Enel SpA, Italy’s largest utility, got at least two bids for Slovenske Elektrarne SA from central European companies as large west European operators held back.

Czech utility CEZ AS and a Hungarian group made up of MOL Nyrt’s Slovnaft and state-owned electricity producer MVM said they sent letters of interest in Enel’s two-thirds stake in Slovenske. Enel Chief Executive Officer Francesco Starace said Nov. 10 that the Italian company received three offers.

The effort to sell the assets has been complicated by an unfinished nuclear project at Mochovce beset by delays and budget overruns. Both CEZ and Slovnaft said they would need to examine the condition of the unfinished units in detail before binding offers could be made.
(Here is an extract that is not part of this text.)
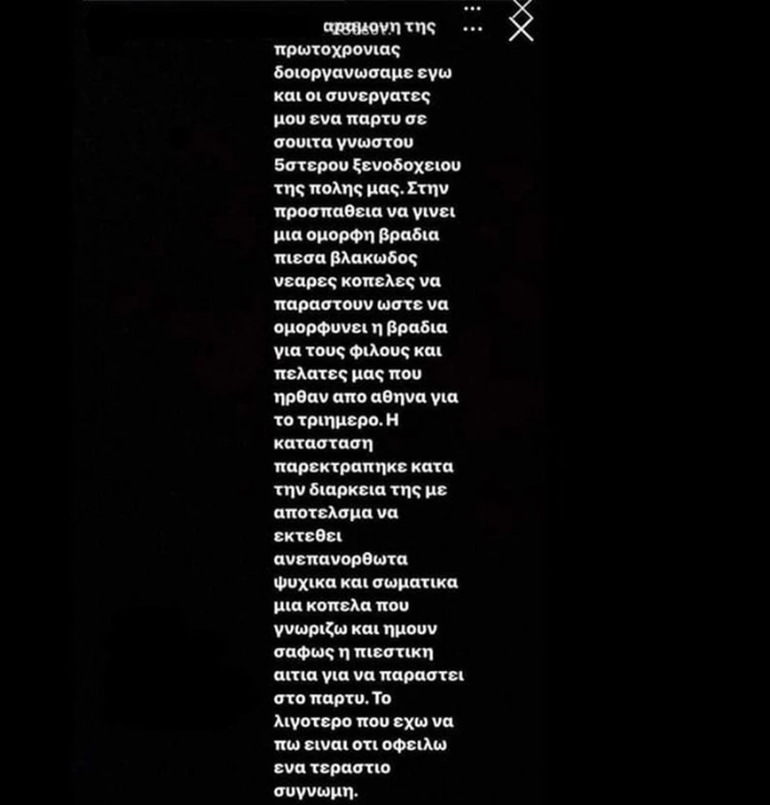 «Η κατάσταση παρεκτράπηκε κατά τη διάρκειά της νύχτας με αποτέλεσμα να εκτεθεί ανεπανόρθωτα ψυχικά και σωματικά μια κοπέλα που γνωρίζω και ήμουν σαφώς η πιεστική αιτία για να παραστεί στο πάρτι. Το λιγότερο που έχω να πω είναι ότι οφείλω ένα τεράστιο συγγνώμη», είχε γράψει ο διοργανωτής του πάρτι στο Instagram.
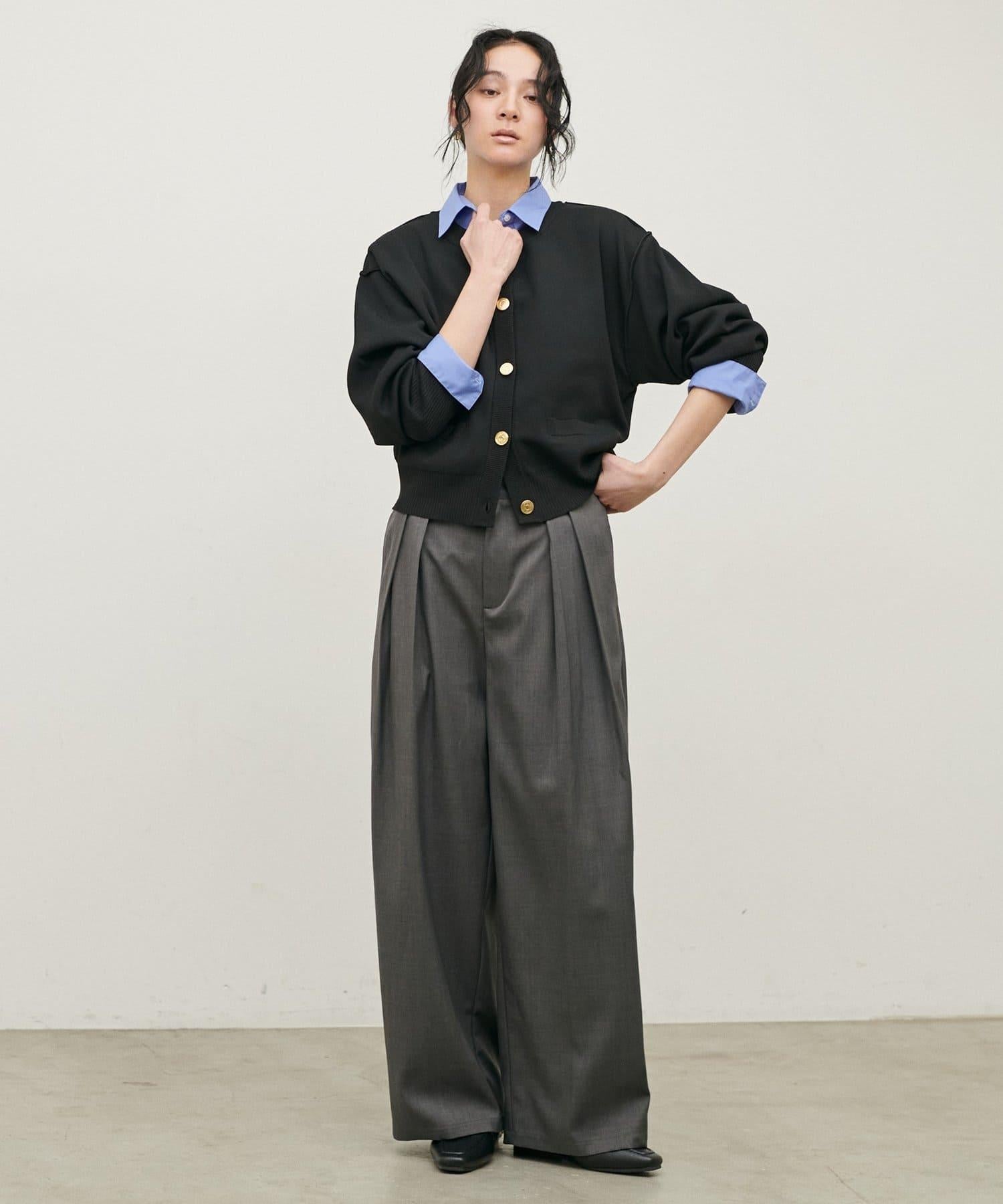 建議將紐扣打開單穿,使其看起來寬鬆。

“We managed to find very little information on the state of Mochovce,” Slovnaft Chief Executive Officer Oskar Vilagi told journalists in Bratislava today. The state of the nuclear project will be “the key moment in our decision whether to submit a binding bid.”
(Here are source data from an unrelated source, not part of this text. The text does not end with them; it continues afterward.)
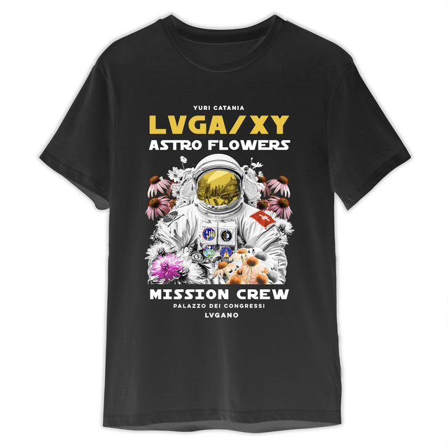 Yuri Catania LVGAXY ASTRO FLOWERS Limited Edition Men's Black Cotton T-Shirt - Front Print - Wearables Collection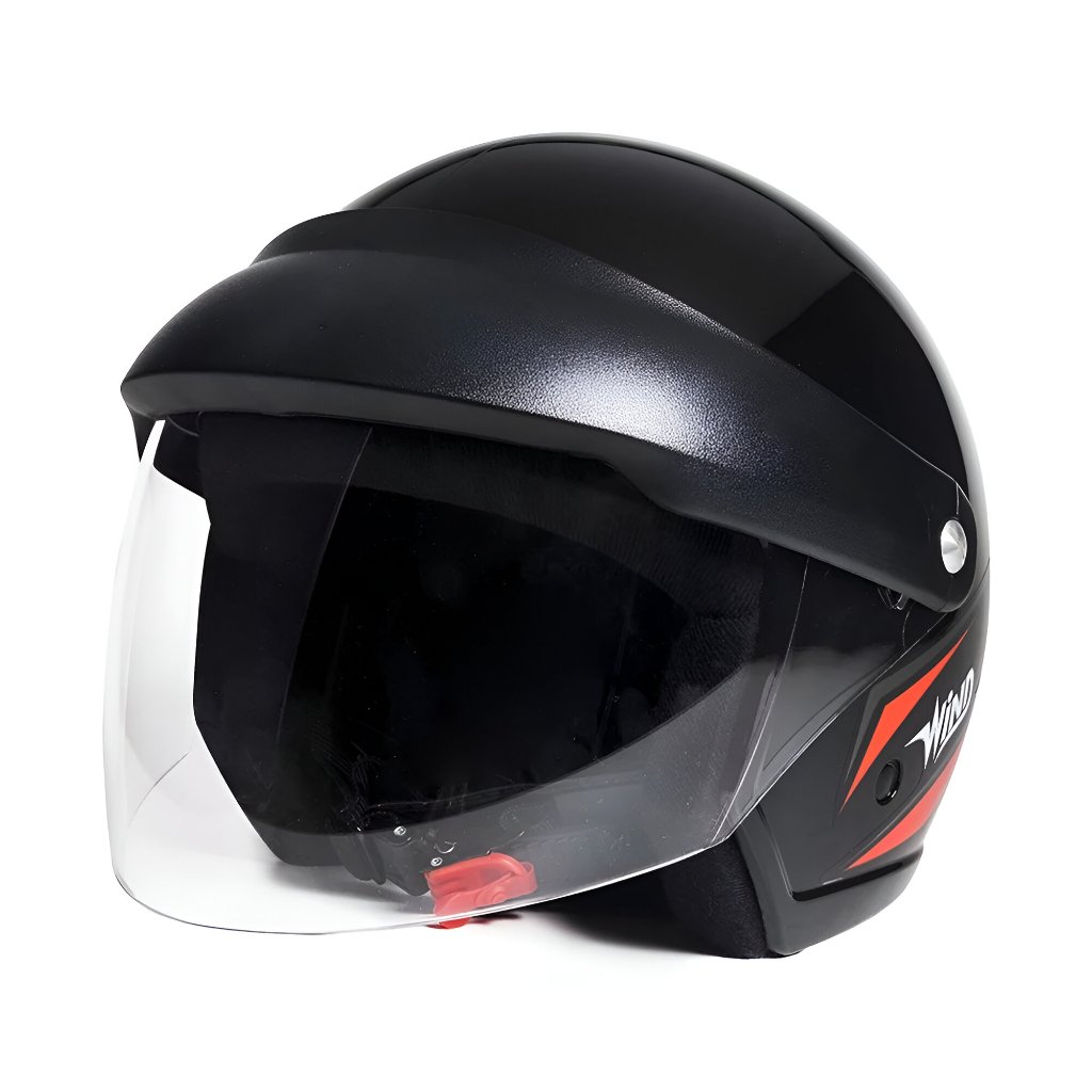 Capacete Aberto Taurus Wind Visor Preto Brilhante E Vermelho com viseira acoplada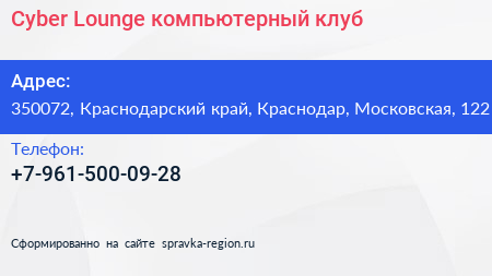 Cyber Lounge, компьютерный клуб по адресу 350072, Краснодарский край, Краснодар, Московская, 122 в дальнейшем Организация, размещена в следующих категориях: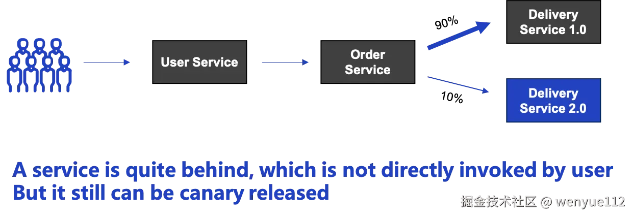如图所示,我们已经为配送服务发布了灰度版本,但是用户和订单服务在配送服务的前面。在这种情况下,我们需要做两件事,以确保流量被正确调度。

Mol, which controls 98 percent of Slovnaft, has more than 4.5 billion euros ($5.6 billion) of available funds for potential acquisitions, Vilagi said. The company sees synergies with Slovenske Elektrarne as it could sell power in southeastern Europe which suffers from an electricity deficit, according to the executive.

Good Fit

The Czech government, which controls almost 70 percent of CEZ, has also said it sees Slovenske Elektrarne as a good fit for the Czech utility because of the two companies’ complementary portfolios and compatible grids.

Rome-based Enel is putting the assets for sale to cut its 44.6 billion-euro debt. Its disposal plan also includes selling part of its 92 percent stake in Spanish unit Endesa SA and its unit in Romania.

Enel bought its 66 percent stake in Slovenske Elektrarne, which meets 80 percent of Slovakia’s electricity demand, in 2006. The Mochovce budget has ballooned to 3.8 billion euros from 2.4 billion euros envisaged in 2007.

“We see further delays in finishing the Mochovce project and further rise in investment above 4 billion euros,” Patria Finance analyst Tomas Sykora said. “The most advantageous for CEZ would be an agreement with the Slovak government, which owns the remaining 34 percent in Slovenske Elektrarne, about sharing the risks connected with the project.”